Uma árvore prenha guarda águas sertanejas para matar as necessárias sedes. É assim a natureza: resistente e adaptável porque criativa. Como um útero aconchegante carrega dentro de si a poesia que germina e se desenvolve pela palavra forte de Celeste e pelo gatilho da câmera de Ravena. Belo encontro!

É dispensável neste momento escrever sobre as autoras, posto que no final do livro a organizadora teve o cuidado de apresentá-las numa Mini Bio d@s participantes de um jeito muito mais interessante de forma que o leitor poderá conferir e entender o porquê dessa ausência de explicações nesta resenha. Além da apresentação das escritoras, Daniela Galdino abre espaço detalhado para mostrar quem fotografou e quem ajudou na produção do brilhante material que a partir de agora está no mundo através da boca e da pena das autoras deste livro.

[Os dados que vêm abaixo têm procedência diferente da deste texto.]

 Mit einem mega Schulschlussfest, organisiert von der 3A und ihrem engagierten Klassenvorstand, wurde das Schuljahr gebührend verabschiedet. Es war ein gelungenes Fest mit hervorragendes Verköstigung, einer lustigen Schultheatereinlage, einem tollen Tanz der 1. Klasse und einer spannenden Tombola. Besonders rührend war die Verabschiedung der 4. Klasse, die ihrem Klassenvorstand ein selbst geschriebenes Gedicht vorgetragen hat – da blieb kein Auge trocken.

Olho-me no espelho nua por dentro

porque

Fui nomeada no esteio do vento.

Sou eu, ácido, violão sem cordas

E me extasiando com sua música surda

tenho medo dos sussurros das palavras

e

começo a pender para direções esquecidas

buscando os caminhos que

as quinas das portas cortam meus passos.

Há mofo no teto e gotas de chuva nas cortinas

e a minha saudade tem a cor sépia

na presença do enxofre envelhecedor de fotografias… mas

prometo gozar o atraso dos dissabores

sintomas de precipício/ predicados de botequim

Ah!… O que tenho?

Tenho tanto medo de deus / que até fraquejei com esta caneta,

porém depois de cada inverno inscrito

eu sempre voltarei para o verão dos teus braços

porque é neles que

os meus cabelos / escondem navalhas errantes

mas que não podarão a profundança de cada palavra poemada.

* Os textos em itálico são os títulos das falas das autoras deste precioso livro.

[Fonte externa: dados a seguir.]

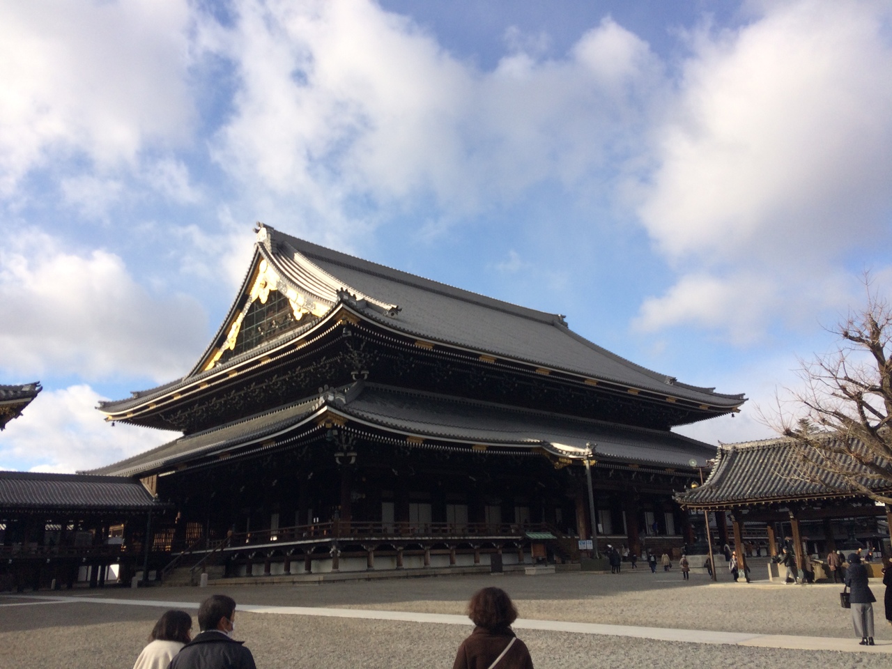 御影堂門から入って正面に見える大きな建物です。1895年に再建された建築面積において世界最大の木造建造物で、外観もそうだけど中に入るとより大きさを実感できます。この再建のために必要とされた巨木を運ぶ大橇(おおぞり)や人間の毛を織り込んだ毛綱などが高廊下に展示されており、重機がなかった時代の信徒や職人のご苦労が忍ばれます。

“Profundanças” está disponível para download no site Voo Audiovisual.

Neuzamaria Kerner, baiana de Salvador, é professora e escritora. Tem publicados os livros: “Fragmentos de Cristal”, “Eu Bebi a Lua”, “A Presença do Mar na Prosa Grapiúna”, entre outras publicações em revistas literárias. Seu mais recente rebento poético é “O Livro-Arbítrio das Evas – Dentro e Fora do Jardim” (Ed. Editus – 2014).